Using Speech and Electrocorticography to Map Human Auditory Cortex

Jeremy DW Greenlee; Roozbeh Behroozmand; Kirill V Nourski; Hiroyuki Oya; Hiroto Kawasaki; Matthew A Howard, III

doi:10.1109/EMBC.2014.6945189

. Author manuscript; available in PMC: 2024 Jul 26.

Published in final edited form as: Annu Int Conf IEEE Eng Med Biol Soc. 2014;2014:6798–6801. doi: 10.1109/EMBC.2014.6945189

Using Speech and Electrocorticography to Map Human Auditory Cortex

Jeremy DW Greenlee ¹, Roozbeh Behroozmand ², Kirill V Nourski ³, Hiroyuki Oya ⁴, Hiroto Kawasaki ⁵, Matthew A Howard III ⁶

PMCID: PMC11274380 NIHMSID: NIHMS1756679 PMID: 25571557

Abstract

Much less is known about the organization of the human auditory cortex compared to non-human primate auditory cortices. In an effort to further investigate the response properties of human auditory cortex, we present preliminary findings from human subjects implanted with depth electrodes in Heschl’s gyrus (HG) as part of their neurosurgical treatment of epilepsy. Each subject had electrocorticography (ECoG) responses taken from medial and lateral HG in response to both speech and non-speech stimuli, including during speech production. Responses were somewhat variable across subjects, but posteromedial HG demonstrated frequency following responses to the stimuli in all subjects to some degree. Results and implications are discussed.

I. INTRODUCTION

The organization of the human auditory cortex is the least understood of all primate auditory cortices. Unlike non-human primates, exquisite anatomical tracer studies are not possible in humans and as a result the numbers and borders of the subregions comprising primary and higher order human auditory cortex are not known. While it is generally believed that humans utilize the same overall schema of non-human primate auditory cortex, namely a ‘core’ region, surrounded and reciprocally connected with a ‘belt’ region, and a ‘parabelt’ region which is reciprocally connected with the belt fields. Each of these three regions consists of multiple areas [1–6].

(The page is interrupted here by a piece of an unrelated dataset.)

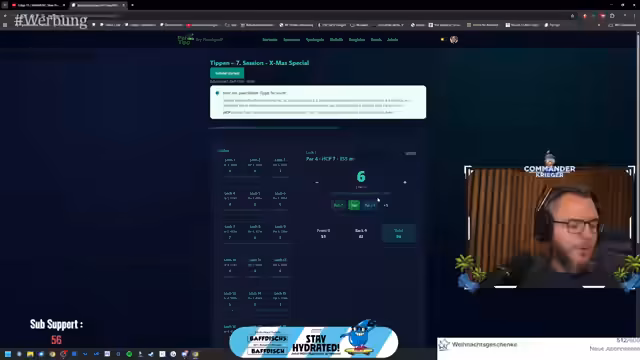 03:18:57Das neue Tippspiel 'Partip' wird beworben, bei dem Teilnehmer mit Twitch-Account in drei Kategorien antreten: Golfer mit Handicap, Golfinteressierte und Zuschauer. Preise umfassen Golfartikel, Schnupperkurse und Holy-Pakete. Der Hauptpreis im Januar ist eine Apple Watch Ultra. Für ein Event am 26. oder 27. Dezember tippen Teilnehmer auf drei Golfplätze (Bahia Beach Club, Playa Grande, Royal Homburger Golf Club), die Trackman-simuliert. Teilnahme ist kostenlos, ohne Spam. Gewinner werden basierend auf Tipps für 52 Löcher ermittelt. Monatspreise zusätzlich, Hauptgewinner erhält Golf-Mitgliedschaft und Video mit dem Streamer.

Functional neuroimaging is one experimental tool used to map auditory cortex [e.g. 7]. For example, fMRI provides excellent spatial resolution but temporal resolution inherent in BOLD responses does not allow effective comparisons of latency differences within auditory cortical regions. Conversely, scalp EEG is a technique which offers fine-grain temporal resolution (i.e. milliseconds) but limited spatial resolution due to intrinsic lowpass filtering properties of the skull and scalp.

Electrocorticography (ECoG) in neurosurgical patients is an effective basic research tool to further our understanding of human cortical physiology [8–16]. ECoG offers a combination of exquisite temporal resolution (milliseconds) with fine-grain anatomical resolution (millimeters). By simultaneously recording from multiple auditory regions during sound processing tasks, ECoG provides unique insights into human auditory cortical structure and function. This report describes the use of ECoG to better understand cortical processing of self-generated speech sounds compared to non-speech sounds.

II. METHODS

A. Subjects

Subjects were patient-volunteers undergoing the neurosurgical treatment of medically refractory epilepsy. These patients required implanted electrode arrays for ECoG to clinically identify and localize seizure foci. The same electrode arrays can be used for research studies such as this. All research protocols have been approved by the University of Iowa IRB, and all subjects gave informed consent to participate in research. Subjects did not incur additional medical risk by participating in this study.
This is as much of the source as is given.